Once the images are removed, set down everything else in the listing below exactly.

Material provided >>

####

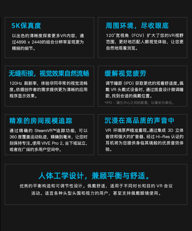 HTC VIVE Pro 2专业VR眼镜套装新款 5K分辨率120度视场角120Hz刷新率pcvr电脑steam
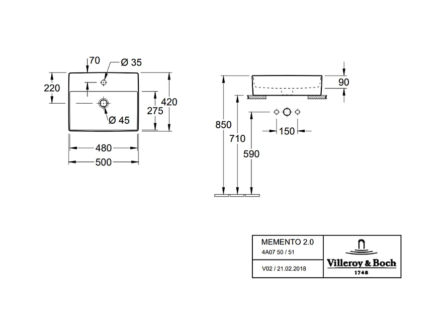 Vasque à poser VILLEROY ET BOCH Memento 2.0 blanc 50 x 42 cm
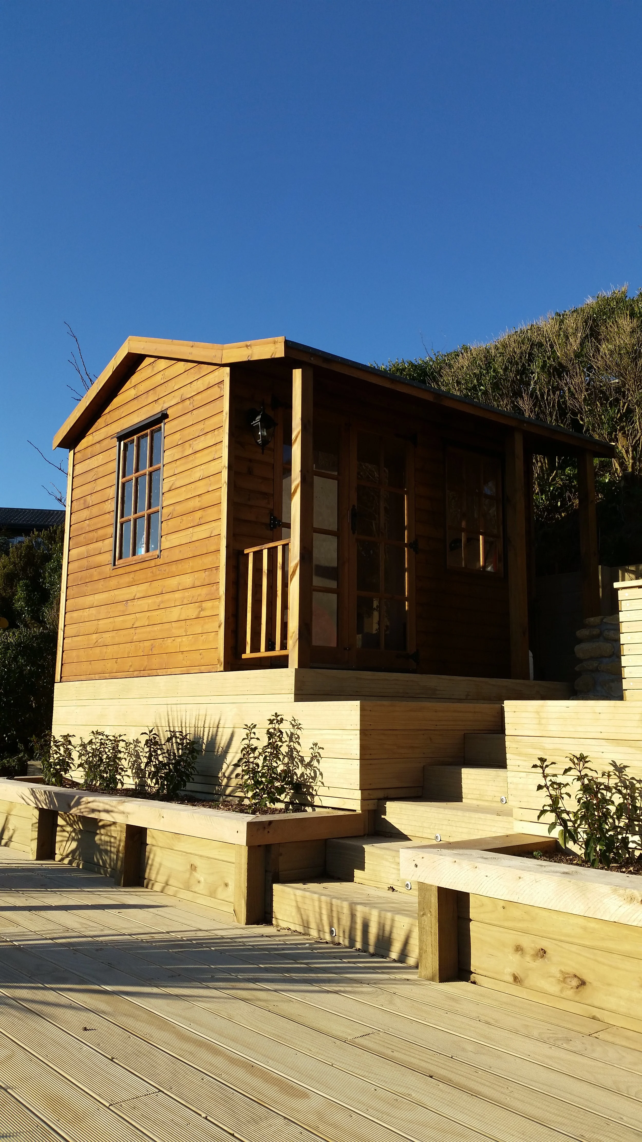 We cleared the site and, working with the steep terrain, constructed a retaining wall and two split-level decks. On the upper level, we built and finished a Sheshed kitset cabin, lining it with insulation and plywood, and adding bespoke pipe shelving and a fold-down desk for functionality. Just outside the cabin, a deck with built-in seating and storage was designed around a striking outdoor fireplace.
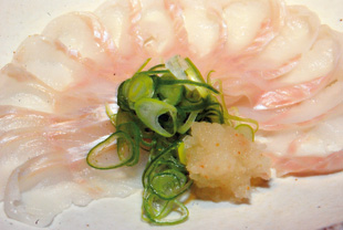 Our first experience of this Eden-like fruit was in the homemade ponzu sauce into which we dipped the delicacy-of-the-day—anago sashimi. This was the first time I’d eaten freshwater eel raw, and my nervousness was eliminated by its tender white meatiness, laced with a succulent line of fat.
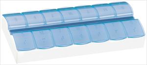 This pill box features large compartments and an easy-scoop design. It has a white base for a vivid decoration and comes with a choice of lid colors.
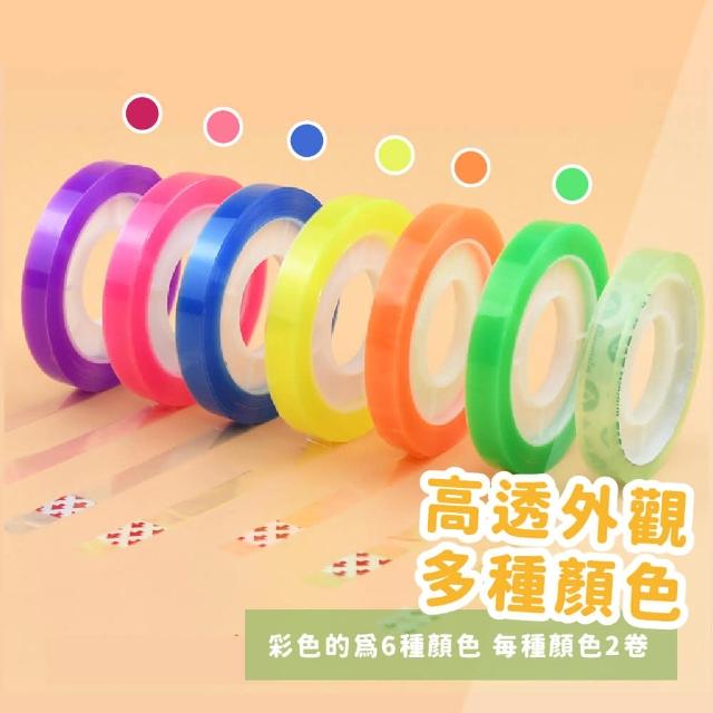 蕉蕉購物彩色透明膠帶12捲-0.8cm文具 膠布 黏力強 萬用膠帶 辦公室 學生 手帳 細膠帶

####

Answer box >>
 HTC VIVE Pro 2专业VR眼镜套装新款 5K分辨率120度视场角120Hz刷新率pcvr电脑steam
 Vasque à poser VILLEROY ET BOCH Memento 2.0 blanc 50 x 42 cm
 We cleared the site and, working with the steep terrain, constructed a retaining wall and two split-level decks. On the upper level, we built and finished a Sheshed kitset cabin, lining it with insulation and plywood, and adding bespoke pipe shelving and a fold-down desk for functionality. Just outside the cabin, a deck with built-in seating and storage was designed around a striking outdoor fireplace.
 Our first experience of this Eden-like fruit was in the homemade ponzu sauce into which we dipped the delicacy-of-the-day—anago sashimi. This was the first time I’d eaten freshwater eel raw, and my nervousness was eliminated by its tender white meatiness, laced with a succulent line of fat.
 This pill box features large compartments and an easy-scoop design. It has a white base for a vivid decoration and comes with a choice of lid colors.
 蕉蕉購物彩色透明膠帶12捲-0.8cm文具 膠布 黏力強 萬用膠帶 辦公室 學生 手帳 細膠帶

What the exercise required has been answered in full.